Although infrequently seen in humans, complete heterochromia is more frequently observed in species of domesticated mammals. The blue eye occurs within a white spot, where melanin is absent from the skin and hair (see Leucism). These species include the cat, particularly breeds such as Turkish Van, Khao Manee and (rarely) Japanese Bobtail.
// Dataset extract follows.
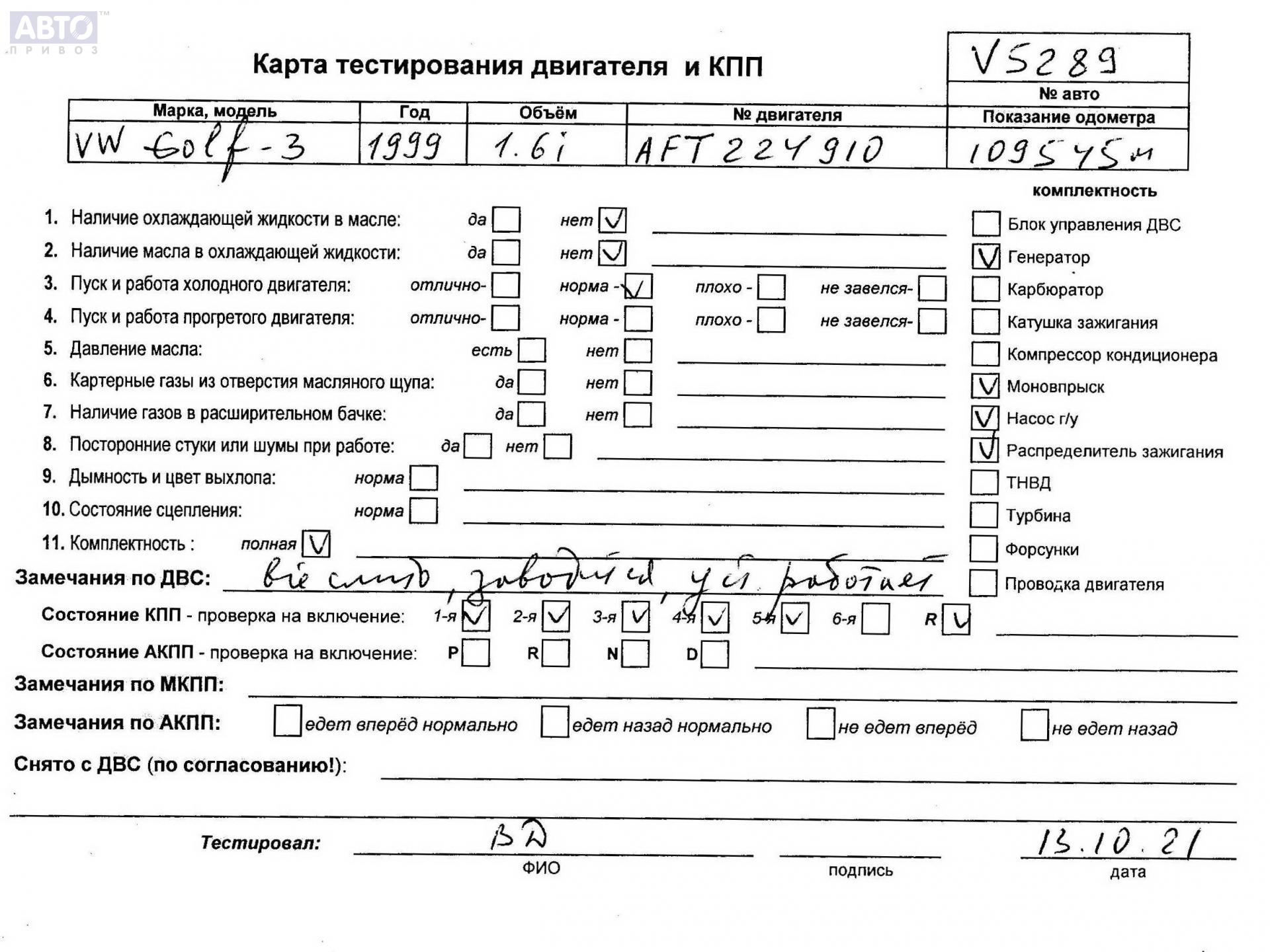 | Автомобиль / VIN: | V5289 WVWZZZ1EZYK007795 |

These so-called odd-eyed cats are white, or mostly white, with one normal eye (copper, orange, yellow, green), and one blue eye. Among dogs, complete heterochromia is seen often in the Siberian Husky and few other breeds, usually Australian Shepherd and Catahoula Leopard Dog and rarely in Shih Tzu. Horses with complete heterochromia have one brown and one white, gray, or blue eye—complete heterochromia is more common in horses with pinto coloring. Complete heterochromia occurs also in cattle and even water buffalo. It can also be seen in ferrets with Waardenburg syndrome, although it can be very hard to tell at times as the eye color is often a midnight blue.

Sectoral heterochromia, usually sectoral hypochromia, is often seen in dogs, specifically in breeds with merle coats. These breeds include the Australian Shepherd, Border Collie, Collie, Shetland Sheepdog, Welsh Corgi, Pyrenean Shepherd, Mudi, Beauceron, Catahoula Cur, Dunker, Great Dane, Dachshund and Chihuahua. It also occurs in certain breeds that do not carry the merle trait, such as the Siberian Husky, Dalmatian, and rarely, Shih Tzu. There are examples of cat breeds that have the condition such as Van cat.